Собрание сочинений в десяти томах. Том 9 - Алексей Николаевич Толстой 40 стр.


Петр (Ромодановскому). Читай, князь-кесарь.

Ромодановский (поднявшись, читает). Известно, сколько положено несносных трудов для устроения государства нашего. Вернули мы наши древние вотчины на балтийском побережье. Укрепили Азов и Таганрог. Построены флоты в трех морях. В заботах о процветании торговли и разных мануфактур повелено торговым людям для ведения своих дел учредить Бурмистерскую палату и городские ратуши. Начало положено и тому, чтобы русское государство не одной византийской спесью было сильно, но стало могучим и преуспевающим в ратном деле, в мануфактурах и в горном промысле, в науках и в искусствах. И более того преуспели бы мы, кабы не разорительная война со шведами, коим помогают европейские государства, ненавидящие нас. Восемь лет бьемся мы со шведами… Ныне кровожаждущий Карл со всем своим войском вторгся на Украину. Гетман Мазепа, ища отторжения Украины, воровски изменил нам. На Дону атаман Кондратий Булавин поднял великую смуту. Король Карл идет на Москву. В сей грозный час надлежит каждому отложить попечение о себе. О спасении государства думайте, русские люди. Казна государева пуста…

Среди сидящих волнение.

Таратутин. Казна пуста, а у нас и подавно в кармане – блоха на аркане.

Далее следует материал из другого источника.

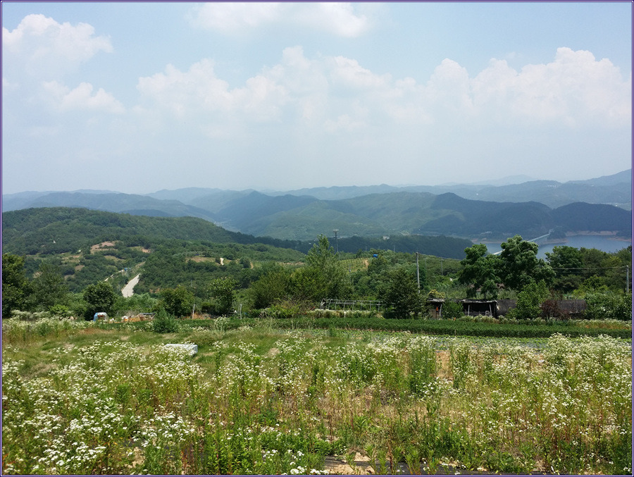 세멘트도로를 버리고 좌측으로 올라 묘터에서 조망했습니다 ↓

Вяземский. Все, все отдали на корабли да на Преображенские мундиры.

Буйносов. Пшеницу – весь урожай в казну отдал, солонины десять бочек – в казну отдал… Холопов одним толокном кормлю. А у меня две девки на выданье, платья немецкие им шей, кофием пой, а кофей – восемь гривенничков… Щеки брить каждый раз цирульнику два алтына плати… Откуда у нас деньги?

Петр. Деньги нужны немедля, бояре. Давайте любовно… Князь Таратутин…

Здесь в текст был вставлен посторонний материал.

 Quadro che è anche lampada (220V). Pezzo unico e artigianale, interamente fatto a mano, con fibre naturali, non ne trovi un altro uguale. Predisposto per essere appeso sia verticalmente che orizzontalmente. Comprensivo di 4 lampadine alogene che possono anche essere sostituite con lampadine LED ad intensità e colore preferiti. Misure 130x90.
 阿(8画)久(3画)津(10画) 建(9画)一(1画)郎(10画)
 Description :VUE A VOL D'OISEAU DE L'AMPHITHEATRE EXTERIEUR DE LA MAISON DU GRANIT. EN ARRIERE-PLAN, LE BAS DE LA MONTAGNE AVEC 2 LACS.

Таратутин. Слышу плохо, государь.

Петр (отдавая скипетр и державу Ромодановскому). Сядь на мое место. (Сходит с трона, на который садится Ромодановский, достает из кармана записку.) По фискальной сказке[79] у тебя в чулане зарыло дедовского серебра и золота на сорок тысяч рублей.

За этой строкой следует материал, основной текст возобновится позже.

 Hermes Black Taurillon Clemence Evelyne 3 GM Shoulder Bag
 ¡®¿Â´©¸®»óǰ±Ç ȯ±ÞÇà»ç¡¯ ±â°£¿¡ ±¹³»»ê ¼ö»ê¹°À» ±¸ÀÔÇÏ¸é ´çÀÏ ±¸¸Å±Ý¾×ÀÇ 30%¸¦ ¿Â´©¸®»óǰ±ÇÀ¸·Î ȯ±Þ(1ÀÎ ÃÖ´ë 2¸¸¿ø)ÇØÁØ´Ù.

Таратутин. Лгут! По злобе обнесли, ей-богу.

Петр. У тебя, князь Вяземский, золотой и серебряной посуды на двадцать тысяч рублей сказано, и ты ее спрятал и ешь на деревянной и глиняной.

Вяземский. Бери! Снимай рубашку!

Петр. И сниму. Ты, князь Роман Борисович, взял на откуп за десять тысяч рублев кабаки в Новгороде и Пскове, а прибыли с тех кабаков получил пятьдесят тысяч.

Буйносов. Да где они, где эти деньги? Государь, оговорили меня.

Петр (поворачивается к монахам). Вы что нам скажете, божьи заступники?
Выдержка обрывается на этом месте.